News Release

海に生息する魚種間にはたらく複雑な関係性を捉えることに成功

緩い種間関係と種の多様性が生態系を安定化

Peer-Reviewed Publication

Kyoto University

Life in Maizuru Bay

image: Researcher spends over a decade recording the changes in the populations of all the fish and jellyfish he encountered. view more 

Credit: Kyoto University / Reiji Masuda

野外の生態系における生物種間には、ある生物種の個体数が増減すると他の生物の個体数もその影響を受けて増減する、種間相互作用と呼ばれる力が働いていると考えられています。また、多様な生物種が相互作用する生物群集にはその動態を安定化させる仕組みが備わっており、環境が多少変化しても想定外の大変動や破綻が生じにくくなっているのではないかと考えられてきました。
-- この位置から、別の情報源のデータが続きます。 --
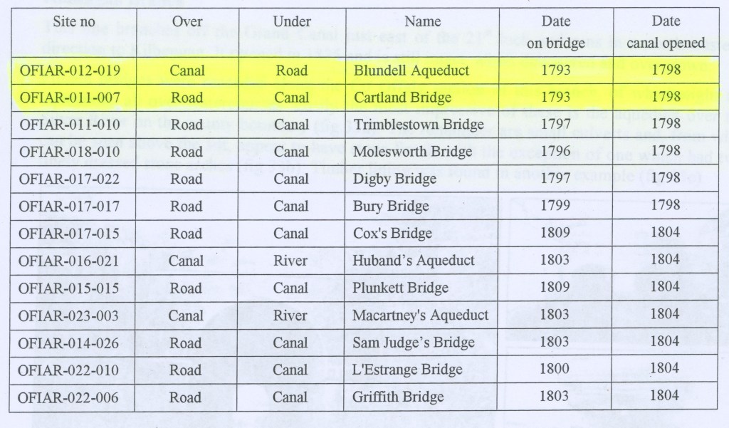 (12. Course Chart .Image source Bridges of County Offaly, A Heritage Review. By Fred Hamond. )
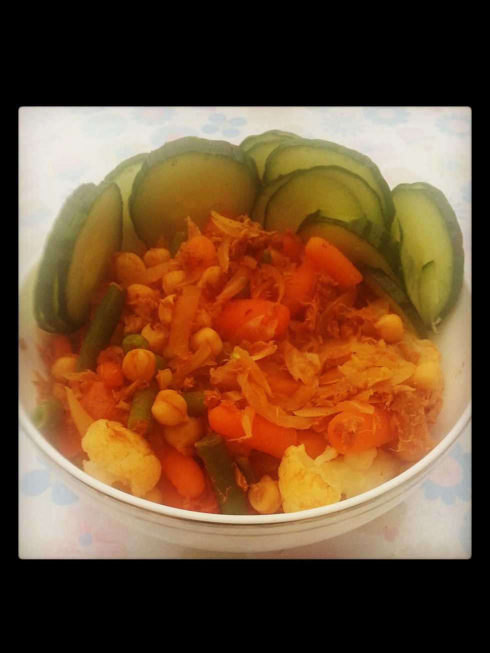 And tadaa! A quick healthy low calorie meal! Includes 5 a day. 3 here since i used a lot of veg. All this contains only 260 calories! Well 252 but i like to round things up!! Amazing right?
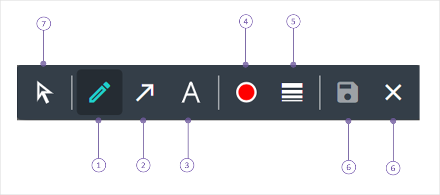Über den Auswahlmodus (7) können vorhandene Anmerkungen direkt markiert, angepasst oder gelöscht werden.
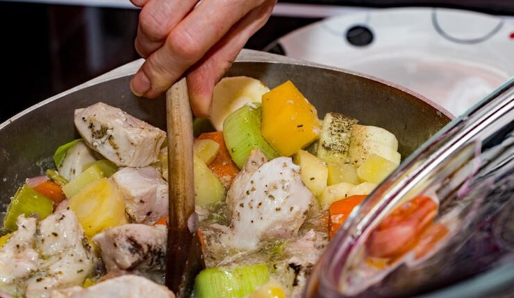 Теперь пришло время добавить овощи. Нарежьте лук и морковь и обжарьте их на той же сковороде, где жарилось мясо. Добавьте чеснок и перец и обжарьте еще минуту. Затем переложите овощи в кастрюлю к мясу.
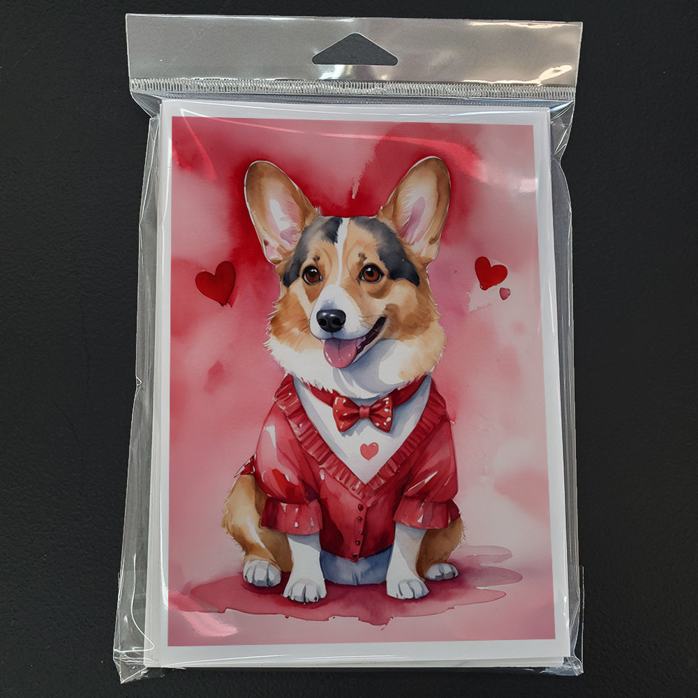 Greeting Cards Pack of 8 featuring breed specific Corgi artwork. Celebrate Valentine's Day with this Valentine's Day . Celebrate special moments with Caroline's Treasures Printed Greeting Card Pack. This pack includes eight beautifully folded 5x7 cards, accompanied by eight matching white envelopes. With blank interiors, these cards provide ample space for your personalized messages and heartfelt holiday greetings. Each card features captivating full-color artwork, meticulously printed in our facility on high-quality 80 lb cover stock or 216 GSM. The super smooth finish of the white cards enhances the visual impact of the artwork, creating a truly stunning presentation. Designed by our talented in-house artists or licensed artists, the artwork on these cards showcases their creativity and attention to detail. From vibrant illustrations to captivating designs, each card tells its own unique story. Whether it's for birthdays, anniversaries, holidays, or any special occasion, Caroline's Treasures Greeting Card Pack is the perfect way to convey your heartfelt sentiments. Share joy, love, and warm wishes with these exquisite cards and make every moment unforgettable.
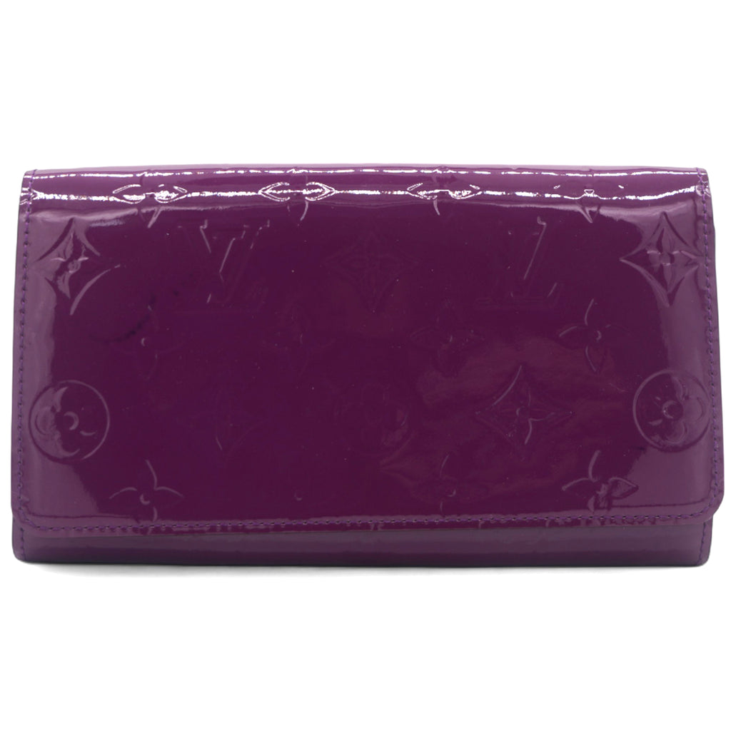 | The amethyst colour goes perfectly the gold tone hardware. Crafted from calfskin leather it has a snap lock closure. It has two bill slots, sixteen card slots and an open pocket, and coin purse. |

しかし、野外において種間相互作用(=種間に働く力)を観察したり、個体数変動の安定性を測ったりすることはいずれも困難なため、多種の間に働く非常に多くの種間相互作用を詳細に描き出し、それが生物群集の安定性に及ぼす影響を野外で検証した研究は過去に例がありませんでした。

本研究グループは、舞鶴湾で12年間に渡って続けられた潜水調査データを、新しく開発した数理的手法で分析しました。その結果、湾内に生息する主要な15種の生物(14種の魚とクラゲ)の間に働く相互作用を捉えることに成功しました。さらに、舞鶴湾の魚類群集は夏季に安定になり、冬季に不安定になるという季節変動を示すこと、舞鶴湾の魚類群集は、魚種の種類が多くなり、種間相互作用が弱められることで安定になることを突き止めました。

本研究で提案したデータ解析の枠組みは様々な野外生態系で生物個体数の変動予測やそのメカニズムの理解に貢献できます。また、地球上の様々な生態系から得られた時系列データに適用することで生物の個体数変動の一般則が見えてくるかもしれません。さらに、長期生態系観測はすぐには評価されにくい地道な仕事ですが、今回の研究ではそこから得られたデータが中心的な役割を果たしており、継続的な生態系観測やそのサポートの重要性も示せたと思われる。